How do you view the conflict between observability and serverless philosophy?

With the deepening of Serverless, people have found that problem location under Serverless architecture is more difficult than in traditional applications. In this regard, some people believe that the need for observability should be supported, while others believe that observability is contrary to the essence of Serverless. Serverless is designed to prevent users from caring about the underlying computing resources.

I think this issue is essentially related to the current maturity of Serverless technology. For example, now we use water and electricity every day, but few people pay attention to how to generate electricity, how to distribute it, the treatment of drinking water, etc., because the service standards for water and electricity we receive are stable. , credible and reliable, so no longer focus on process details.

Similarly, the goal of Serverless is to provide stable, reliable and trustworthy analysis services, so that developers no longer spend time and energy on the underlying infrastructure and operation and maintenance optimization, but focus on the realization of business functions. above.

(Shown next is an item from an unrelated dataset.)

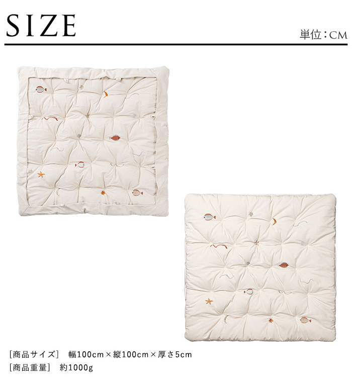 | 【[材質]】・生地:刺繍入りオーガニックコットン100% ・中綿:リサイクルポリエステル 【[カラー]】ナチュラル 【[商品サイズ]】幅100cm×縦100cm×厚さ5cm 【[商品重量]】約1000g 【[生産国]】インド 【[特徴]】・赤ちゃんに安心で快適な時間を オーガニックコットンに海の生き物の刺繍をあしらった、ゆるやかで優しい世界観のプレイマットです。 CEテスト済みなので安心してお使いいただけます。 ・ferm LIVINGならではの世界観 他のブランドには見られない、ゆるやかで優しい雰囲気が特徴。 ナチュラルな素材感とやわらかな色使いが調和し、ferm LIVINGらしいオーガニックなデザインに仕上がっています。 ・こだわりの素材とディテール 特製無染色オーガニックコットンキャンバス生地を使用。 海の生き物のモチーフを刺繍であしらったデザインと、さりげないキルティングのディテールが快適さをプラスします。 ・おもちゃを取り付けられる8つのループ ループ付きのファブリックパネルは、折りたたんでおもちゃをすっきりと収納することも、収納してデザインを際立たせることもできます。 ■お手入れ方法 30℃で優しく洗ってください。 ■ferm LIVING(ファームリビング) 創設者であるTrine Andersen(トゥリーネ・アンデルセン)がデンマークで2006年に設立。 昔ながらの北欧デザインに沿いながらも、現代的なアレンジを加えており、北欧らしい温かみのあるカラーリングとシンプルで機能性を兼ね備えた他にはないユニークなデザインのブランドです。 日々の生活の心地よい刺激になるような機能性のあるデザインを追求しており、世界中の職人さんと協力することで、スカンジナビアの精神を持ちながらも各国の技術や伝統を活かしたモノづくりを行なっています。 |

However, the current maturity of Serverless technology in the field of OLAP data analysis is far from reaching this goal. The series of technical difficulties mentioned above have not yet been completely solved. The simplest example is how to solve the "inefficient SQL exhaustion of resources" that has plagued the industry for more than 40 years. In the serverless model, billing is closely related to resource usage. The rationality and credibility of resource usage on the bill are currently the biggest concerns of customers.

In addition, providing users with process observability through technical tools such as logging, tracking monitoring, and visual indicators is also a capability that a Serverless platform should have, and can also increase users' trust in the system.

Therefore, the two are not contradictory. We believe that one day Serverless will bring users standard, stable, reliable and trustworthy analysis services, just like we use water and electricity today.

When implementing Serverless, how to choose between self-developed and cloud vendor solutions?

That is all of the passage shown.